Do mesmo modo que trocava a boca pelo nariz, confundia a amizade com o amor.
Não amei nenhuma mulher pela atração simples e direta. Pela beleza fulminante. Pela sedução lacônica e apressada.
Não amei uma mulher à primeira vista. Meus amores foram a prazo, bem parcelados. Com o carnê cheio de folhinhas. Conversados longamente para encontrar a quietude. Observados, desesperados, lentos. Segurar inicialmente os braços, depois as mãos, bem depois o rosto.
Amei pela convivência, pelas afinidades, pelas discussões, pelos cantos da chuva, pelo sol pintado do meio-fio. Amei na continuidade, no alinhamento do riso, nas brincadeiras involuntárias.
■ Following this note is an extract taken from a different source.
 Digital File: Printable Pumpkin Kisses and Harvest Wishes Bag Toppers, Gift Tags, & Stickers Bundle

Amei ao expor confidências ¿ as confidências já eram provas de que amava. Desabafei muito antes de amar, pedi muito ajuda antes de amar, fui incompreendido muito antes de amar.
Amei durante a semana mais do que nos finais de semana.
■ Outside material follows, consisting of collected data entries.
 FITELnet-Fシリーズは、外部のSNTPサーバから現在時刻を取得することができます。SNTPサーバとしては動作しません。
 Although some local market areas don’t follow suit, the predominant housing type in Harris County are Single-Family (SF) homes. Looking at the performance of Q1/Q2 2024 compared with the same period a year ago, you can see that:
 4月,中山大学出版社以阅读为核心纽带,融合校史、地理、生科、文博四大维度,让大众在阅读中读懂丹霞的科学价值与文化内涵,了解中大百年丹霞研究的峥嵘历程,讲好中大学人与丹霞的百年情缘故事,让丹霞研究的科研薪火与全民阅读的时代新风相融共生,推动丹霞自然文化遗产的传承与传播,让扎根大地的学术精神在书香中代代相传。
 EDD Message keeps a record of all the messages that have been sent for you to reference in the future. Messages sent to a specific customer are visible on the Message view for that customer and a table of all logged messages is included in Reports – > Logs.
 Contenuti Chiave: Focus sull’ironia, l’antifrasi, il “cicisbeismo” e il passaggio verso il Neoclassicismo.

Amigo leal e pontual de uma menina, amigo inseparável, não tinha jeito: queria namorá-la. Não conseguia parar o corpo. O amor aparecia como compreensão inteira, dedicada. Não desejava uma mulher que não me entendesse, desejava quando ela me entendia. Percebia o amor como um segredo desde a escola. Um amigo secreto. Ele gosta de alguém e ninguém sabe. Ela gosta de alguém e ninguém sabe. Guardava-se uma paixão com coração e iniciais, sorrateiramente, na última página do caderno de matemática. Não era assim?
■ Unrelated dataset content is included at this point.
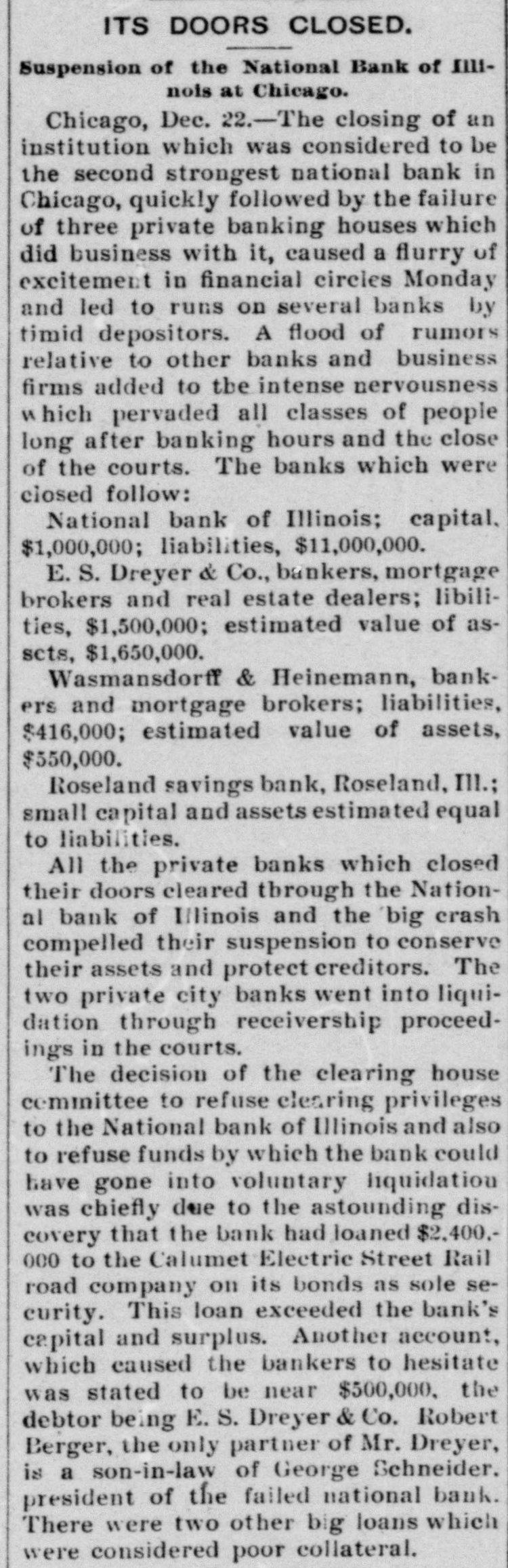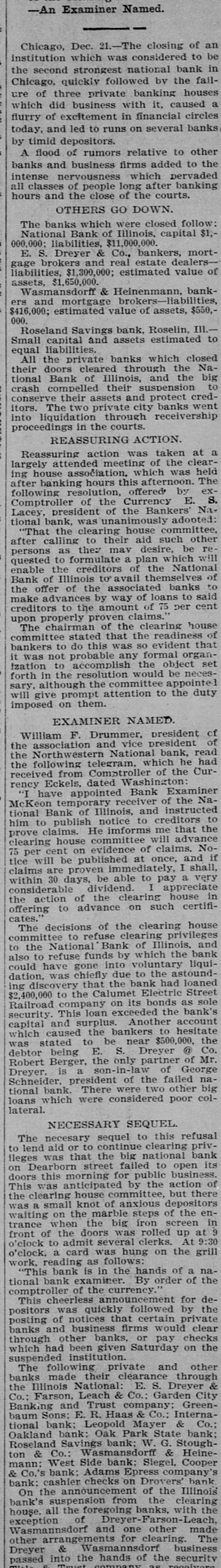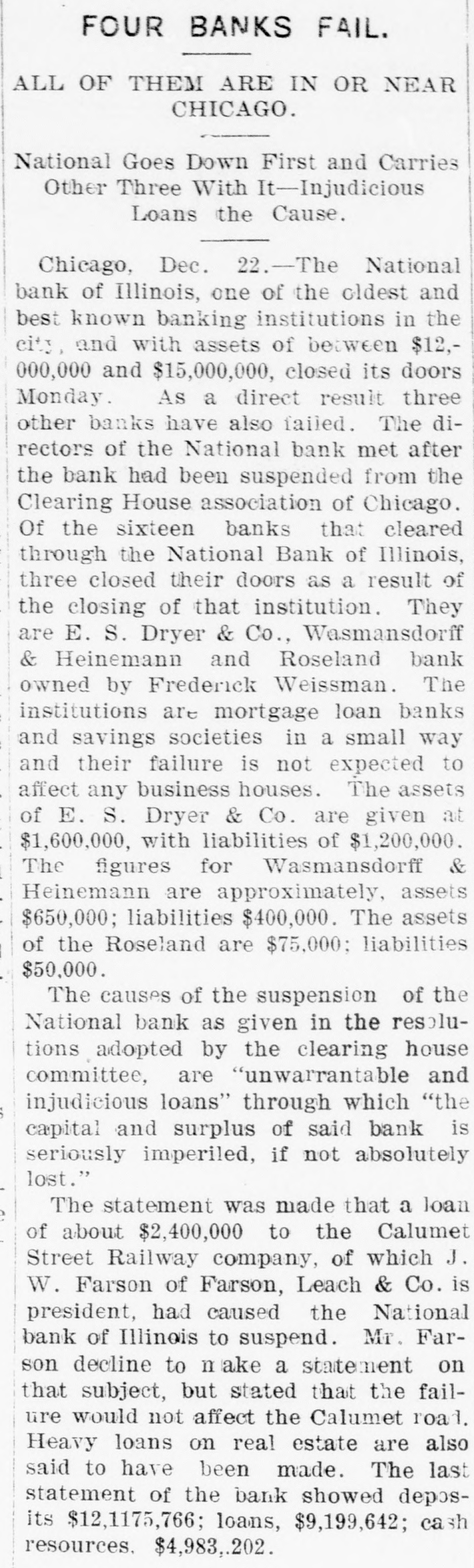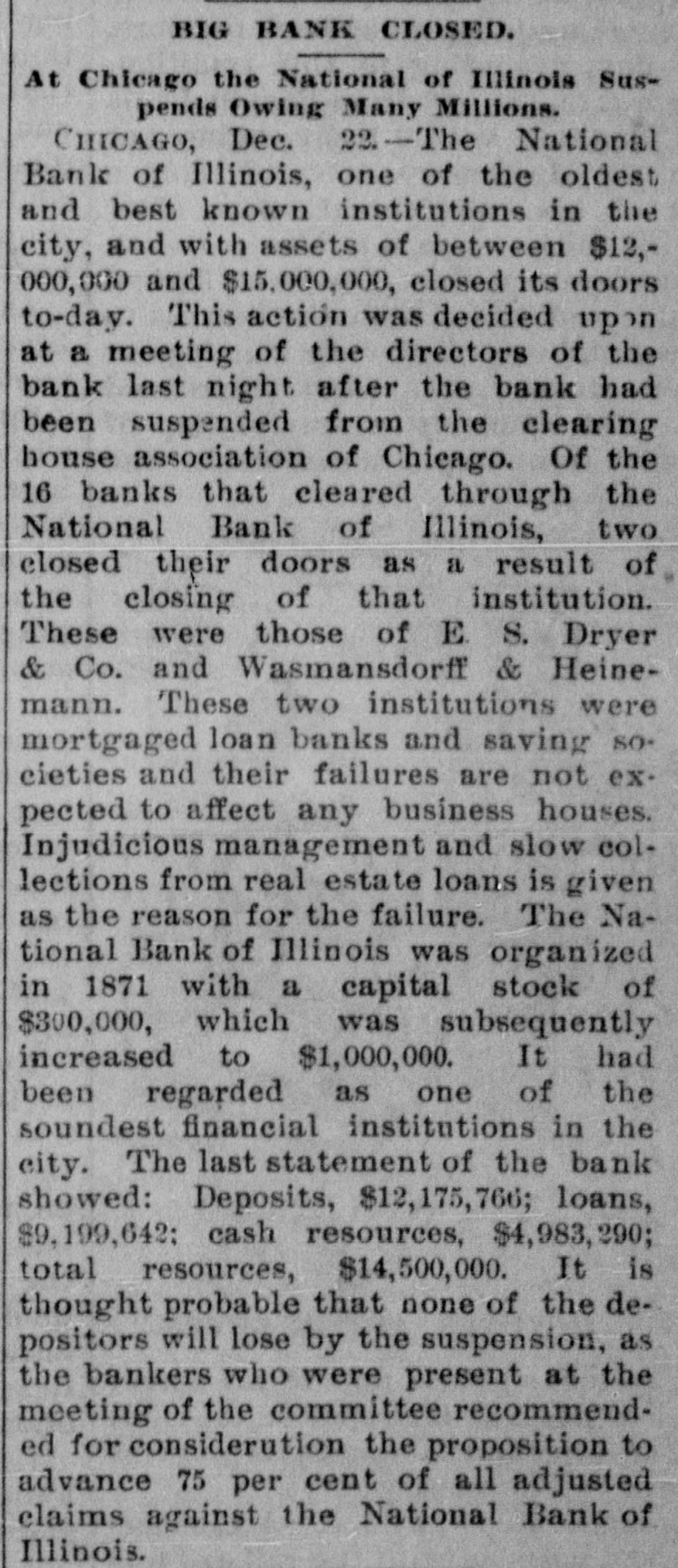 BIC BANK FAILS. National Bank of Illinois at Chicago Closes. Liabilities Placed at $11,000,000, Assets $15,000,000. Dabbling In Electric Street Railway Stock CAUSED THE DISASTER Comptroller Eckels Severely Criticizes Bank Management. Warned the Directors Many Months Ago, He Says Chicago, Dec. 21 The National Bank of Illinois, one of the oldest and best known banking institutions in the city, and with assets of between $12,000,000 and $15,000,000. closed its doors today The liabilities are $11,000,000. The following notice was posted on the doors before the opening of banking hours "This bank is in the hands of the national bank exchange, by order of the comptroller of the currency This action was decided upon at a meeting of the directors of the bank last night after the bank had been suspended from the clearing house association of Chicago at a meeting of the clearing house committee held earlier in the day Of the 16 banks that cleared through the National Bank of Illinois, two closed their doors as a result of the closing of that institution. They are E S. Dry& er & Co., and Wasmansdordoff Heinemann These two institutions are mortgage loan banks and saving societies in a small way, and their failure is not expected to effect any business houses. The assets of E S. Dryer & Co. are given at $1,600,000, with liabilities of $1.200.000. The figures for Wasmansdorft & Heinemann are approximately, assets $650,000 liabilities $400,000. The Security Title and Trust compafor both was appoint ny firms. Six banks have made ments to clear thr ough other banks and the balance of the are making similar arrangements as fast as possib The failure was a great surprise in financial circle: and business The causes of the suspension, as given in the resolutions adopted by the clearing house committee are 'unwarrantable and injudicious loans' through which the capital and surplus of said bank is seriously imperilled, if not absolutely lost The was made today that a loan of about $2,400,000 to the Calumet Street Railroad company of which J W Farson of Farson, Leach Co..is president had caused the National Bank of to suspend. Illinois Mr Farson declined to make a statement on that subject but stated that the failure would not affect the Calumet road. Heavy loans on real estate are also said to have been made The last statement of the bank showed deposits $12,175,766 loans, $9,199,642; cash $4,983,902 It is thought probable that none of the depositor will suffer by the suspension, as the bankers who were presthe of at the committee have for consideration the proposition to advance per cent on all adjusted claims against the National Bank of Illinois In addition to this they have agreed to use their influence with all other members of the clearing house association to accept all such claims as collateral at the same ratio The National Bank of Illinois was organized in August, 1871. with a capital stock of $300,000 which was subsequentlv increased to $1,000,000 It was regardone of the soundest financial inthe of stitutions The Press club is one of the sufferers by the suspension, all the proceeds of the advance sale of tickets for the football game between the Carlisle Indians and University of Wisconsin eleven. which was held under the management the Press club, amounting to over 000, having been deposited Saturday, One of the leading bankers and finaneiers of this city at noon today said to an Associated press reporter The failure of the National Bank of Illinois has created no disturbance of consequence financial circles here One private bankers who really nothing but dealers have failed, but this is only a natural consequence of shrinking real estate valThe principal source of trouble of the National Bank of Illinois was a loan of $2,400,000 to the Calumet Electric Railway company This with three or four loans, threatened severe losses and the clearing house committee saw way but to suspend the bank. The loss in liquidation be small if any to depositors It is not probable that the bank will resume business NEW YORK CORRESPONDENTS New York Dec. 21.-Officials of the Mercantile and the American Exchange National banks of this respond ents the National Bank Illinois say they will not be affected any important extent by its failure The American Exchange has merely handled collections for the Chicago bank and is actually a debtor to it The Mercantile National bank people say that the Chicago bank does not them except for notes in their hands for coland deep sympathy for the officials of the Chicago bank AT WASHINGTON Washington, Dec Comptroller Eckels has received an the National Bank of Illinois. It says that the Chicago clearing house has to pay of all proved claims John C. McK ean been appointed a receiver for bank and to publish a list of all at so that may get the benefit of this issued banks ing the bank as their prove their claims in. them send the report of the bank which 30. the bank had a cap of $1,000,000 surplus of $1,000,000 undivided of $450.000 and a total of bonds 5.046.952, its liabilities will be about $10,100,000. While it is feared that serious results may follow Comptroller Eckels will do all in his power to relieve the

Escondia o amor dentro da amizade. Não havia melhor esconderijo.
A amizade me levava ao amor. Mas o amor, logo que encerrava, renunciava a amizade do começo. Não dava para voltar à amizade quando me declarava. Para continuar, a amizade não pode ter a consciência do amor. A amizade termina se o amor surge, a amizade termina igualmente se o amor acaba.
Não mudei com o tempo. Amo pela amizade, respiro pela boca, converso pela respiração.
A partir de hoje, quem não tiver educação e elegância para entrar no blog, dar sua opinião e discordar perderá o comentário. Aceito debate, não agressão. Nenhum dos leitores merece ouvir grosseria. Não admito falsos nomes, sem identificação de e-mail. Se quer contestar os textos, use o próprio rosto. Isso pode ser um chat, nunca um purgatório de chatos. Peço desculpa aos bem-intencionados, que amam a literatura.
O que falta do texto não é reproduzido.